Directions for this task:
Begin at the line that holds "무주는 우리나라 머루" and retype every line through the end of the material, both included. Leave out the pictures.

The data:
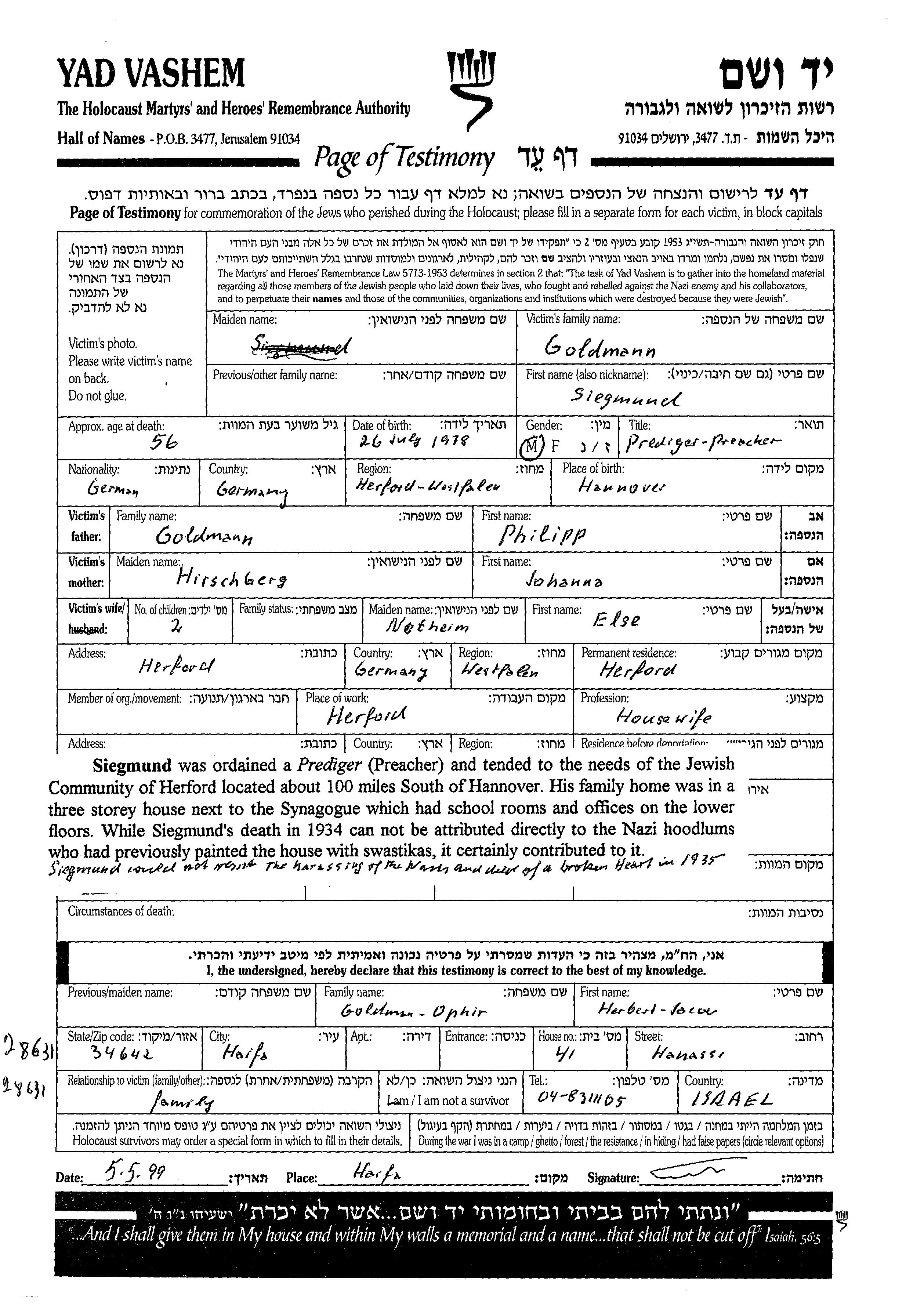 Siegmund Goldmann was born in Hannover, Germany, 1878 to Philipp and Johanna nee Hirschberg. He was a preacher and married to Else nee Netheim. Prior to WWII he lived in Herford, Germany. During the war he was in Herford, Germany. Siegmund was murdered in the Shoah. Place of death: Herford, Germany, 1935.
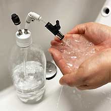 炭酸注入時には逆流防止の弁がついていますのでBeeタンの炭酸注入キャップと同じように強炭酸水を作ることが出来ます。ペットボトルに6割程度の冷やした浄水(5℃)を入れて、ガス圧4気圧程度で強炭酸水をつくります。
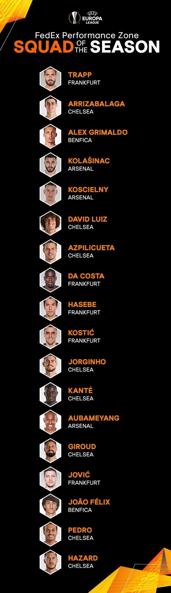 UEFA's Technical Observers select their 18-man squad from this season's UEFA Europa League including eight from Chelsea.
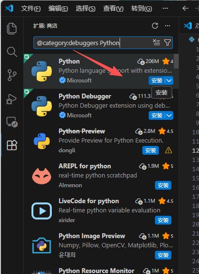 - 在扩展面板的搜索框中输入 Python,找到微软官方的 Python 扩展。
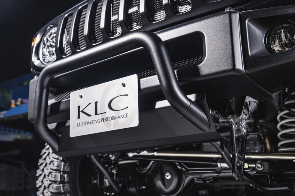 丈を短く詰めたショートバンパーは、ジムニーではお馴染みのカスタムパーツ。それにスキッドプレートを合わせるのも大定番ながら、他のジムニーと被りやすいのも否めない。もっと個性が欲しい、もっと刺激的なスタイルにしたい。そんな声に応え、ヘリテージのフロントショートバンパー64専用品として開発されたのが、このバトルスキッドプレート64だ。無地のスキッドプレートと小ぶりなブルバーを一体化させた構造で、ラフな腹下まわりを自然に隠しつつ、同時にアグレッシブさを演出できる画期的アイテム。ブルバー部分はコンパクトなJB64Wジムニーのボディに合わせ、パイプ径や横幅、曲げ角度等を最適化。立ち上げ幅もバンパー上面までに抑え、オーバーに見えないようバランスを取っている。材質はステンレス製で、ややマットな質感のブラック粉体塗装仕上げ。ボルトオンで装着可能。
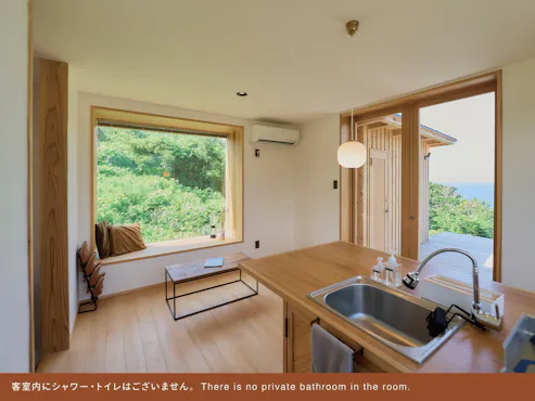 Filosofi ist adalah "Bersama dengan alam". Pada dasarnya, alam bukanlah sesuatu yang terpisah atau jauh dari manusia, melainkan sesuatu yang secara alami ada di sekitar kita. Menyadari keberadaan diri bersama alam, menghargai alam tersebut, dan merasakan kenyamanan yang diberikannya. Itulah yang menjadi inti dari pemikiran ist. ist – Sado menawarkan pesona alam yang luar biasa, dengan garis pantai dan pegunungan yang menciptakan lanskap unik, pohon-pohon tinggi yang menjulang, bintang-bintang yang menghiasi langit malam, serta lokasi di semenanjung yang dikelilingi Laut Jepang yang luas di depan dan hijau pegunungan di belakang. Kami telah membangun tiga rumah kompak yang disebut "Hut" dan sebuah "Lounge" di mana pengunjung dapat bersantai sambil menikmati kopi atau bir. Semua ini dirancang agar para pengunjung dapat merasakan kedekatan yang mendalam dengan alam sekitar. Dengan mendengarkan dengan tenang dan mengamati lingkungan sekitar dengan seksama, Anda dapat merasakan keberadaan berbagai makhluk hidup dan tumbuhan.
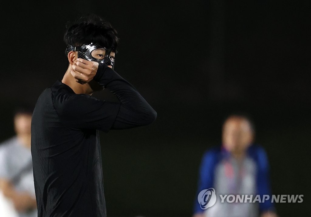 | ▲ 마스크 만지는 손흥민 (도하=연합뉴스) 임헌정 기자 = 2022 카타르 월드컵 대한민국 축구 대표팀의 '캡틴' 손흥민이 19일 오후(현지시간) 카타르 도하의 알에글라 훈련장에서 훈련하던 중 마스크를 만지고 있다. 2022.11.20 kane@yna.co.kr |
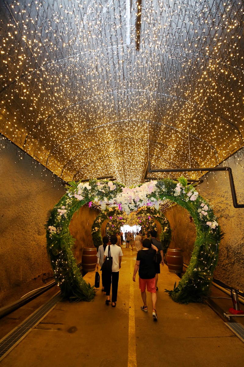 무주는 우리나라 머루 생산량의 60%를 재배하고 있습니다. 머루를 가공한 다양한 특산품이 있는데, 그중 단연 머루와인이 인기입니다. 머루와인 업체만 다섯 곳이나 됩니다. 적상산 중턱 머루와인동굴에 가시면 무주에서 생산되는 6종의 머루와 사과 와인을 시음하실 수 있습니다. 길이 약 300m, 동굴 내 온도는 13~14도로 30도를 기준하면 온도차가 무려 16~17도나 난다는 얘기죠. 그곳 근무자들은 한여름에도 패딩 재킷을 입고 계시죠. 모르고 들어갔다가 깜짝 놀라서 다시 나와 겉옷을 걸치고 들어가는 모습도 종종 보입니다. 무주 머루와인동굴이 최근 새단장을 했다고 해서 다녀왔습니다. 입장료(시음 포함 2,000원, 머루와인 족욕 3,000원)
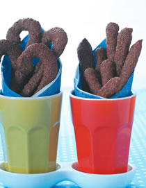 3.将面煳装入挤花袋中,再把面煳挤成柺杖形状或长条形状,放在舖有烤盘纸的烤盘上,放入烤箱以上火120℃、下火120℃烤约25分钟。
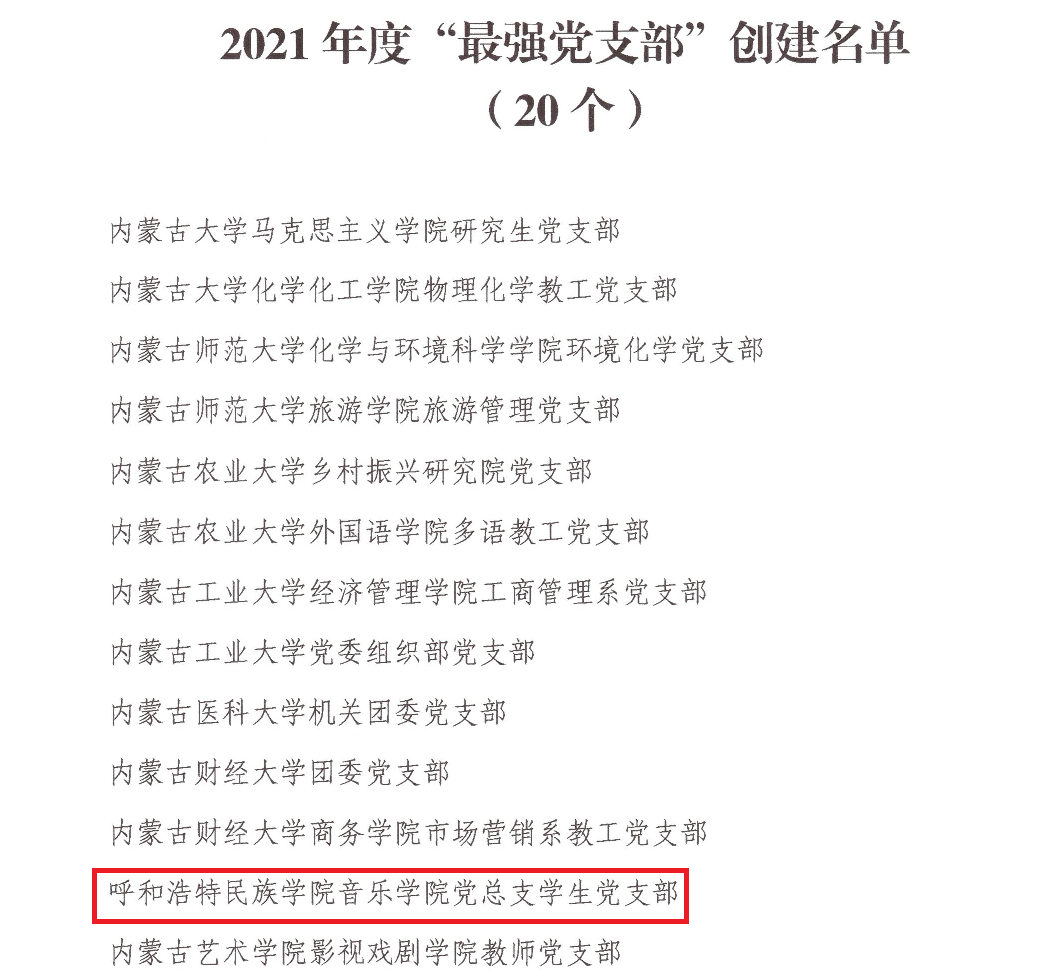 近日,自治区党委教育工委公布了2021年度“最强党支部”创建名单,beat365官网音乐学院学生党支部榜上有名。这是继数学与大数据学院黄大年式教师团队党支部、化学与环境学院教工第二党支部入选2020年度自治区党委教育工委“最强党支部”创建名单之后,beat365官网基层党组织再次获此荣誉称号。

Answer for the task:
 무주는 우리나라 머루 생산량의 60%를 재배하고 있습니다. 머루를 가공한 다양한 특산품이 있는데, 그중 단연 머루와인이 인기입니다. 머루와인 업체만 다섯 곳이나 됩니다. 적상산 중턱 머루와인동굴에 가시면 무주에서 생산되는 6종의 머루와 사과 와인을 시음하실 수 있습니다. 길이 약 300m, 동굴 내 온도는 13~14도로 30도를 기준하면 온도차가 무려 16~17도나 난다는 얘기죠. 그곳 근무자들은 한여름에도 패딩 재킷을 입고 계시죠. 모르고 들어갔다가 깜짝 놀라서 다시 나와 겉옷을 걸치고 들어가는 모습도 종종 보입니다. 무주 머루와인동굴이 최근 새단장을 했다고 해서 다녀왔습니다. 입장료(시음 포함 2,000원, 머루와인 족욕 3,000원)
 3.将面煳装入挤花袋中,再把面煳挤成柺杖形状或长条形状,放在舖有烤盘纸的烤盘上,放入烤箱以上火120℃、下火120℃烤约25分钟。
 近日,自治区党委教育工委公布了2021年度“最强党支部”创建名单,beat365官网音乐学院学生党支部榜上有名。这是继数学与大数据学院黄大年式教师团队党支部、化学与环境学院教工第二党支部入选2020年度自治区党委教育工委“最强党支部”创建名单之后,beat365官网基层党组织再次获此荣誉称号。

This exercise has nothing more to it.